I am also the author of "Tech Tactics Money Saving Secrets" and "Tech Tactics Publishing and Production Secrets."
My Dad already knew, just like cyberscan's family. I'd been diagnosed autistic as a little girl. But then when I started in with the talking, and the hyper lexia he decided I was just a misunderstood genius and kept it all under his hat for decades. I only found out when my son was diagnosed.
My Dad still denies it, but then he denies I'm mentally ill as well, even though my brother's known since I was in my teens that there was something screwy about me. (He didn't put it quite that way mind you...) My Dad thinks I'm just "a little moody", and won't accept bipolar or schizoaffective at all. He still thinks if I came of the meds I'd be alright. After all, I've been doing so well this year... obviously I'm better! The fact that they finally got the meds right doesn't seem to sink in. He thinks they're like a course of antibiotics, and now that I'm "better" I can come off them. My brother knows what I know... I'll be on these bloody things for the rest of my life...
Okay, my experience of coming out with my mental anomalies has obviously been complicated. Family can be really reluctant to accept it, because in some way they feel it reflects badly on them. (There's nothing wrong with my dna... so my offspring/siblings etc can't have anything "real" wrong with them...)
That's pretty much how the chips fell down with my family. At least my brother's on my side.
Does anyone recommend just keeping the results to myself? Since it sounds like most other peoples' families already knew, at least somewhat, that they had it and mine just don't see it, not telling them might avoid conflict.

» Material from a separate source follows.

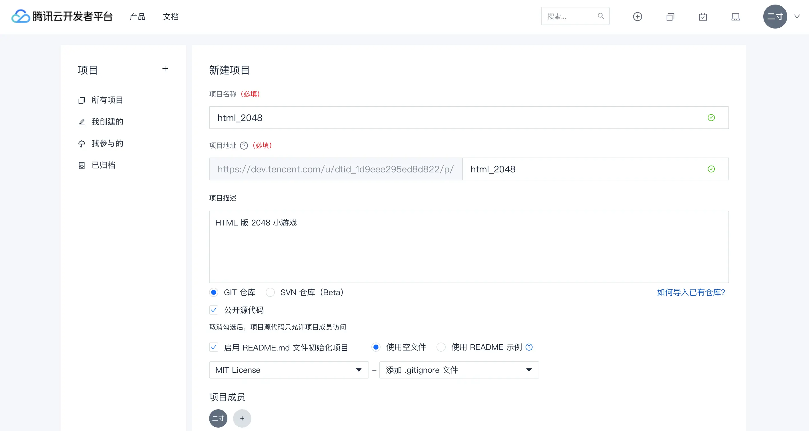至此我们在 Coding 上的项目就初始化完成了。

I might have realized why my family doesn't see it though. My brother has cerebral palsy, among other handicaps, so maybe in comparison I seem "normal" to them.
If you have one or more characteristic of Aspergers you may have Aspergers. If that is the case than everyone in some point of time has had Aspergers in their life. Aspergers has a very loose diagnosis criteria and just satisfying one or more criteria of Aspergers is enough to have some degree of Aspergers. More characteristics of Aspergers, the more severe form of Aspergers.
Pay the 1000s to a psychiatrist and do all the tests and you can be officially diagnosed with Aspergers. It costs lots of money to get an official diagnosis of Aspergers: tests and psychiatrist(s) opinion.
For me, the fear of telling people comes from the word "autism" and the preconceived notions that people have about it. When most people hear the word, they think of severely autistic people. They think of Dustin Hoffman in Rain Man. So when I told my parents, I made sure to make clear my disdain for using the word "autism" when describing myself. But telling them was made easier by the fact that I've been in therapy for the last few years for social problems, which they've known about for ten years.
As for other people, it's a problem simply because these days it seems like every geek in the world is self diagnosing themselves with Asperger's just because they're socially awkward and can tell you the names of every character who's ever appeared in a Star Wars movie, so I fear that people will think I'm just another poser and I'm quick to point out my psychologist's diagnosis. But yes, there will always be the "it's all in your head" and "just DEAL with it" folks, and unfortunately, nothing can be done about people so dense.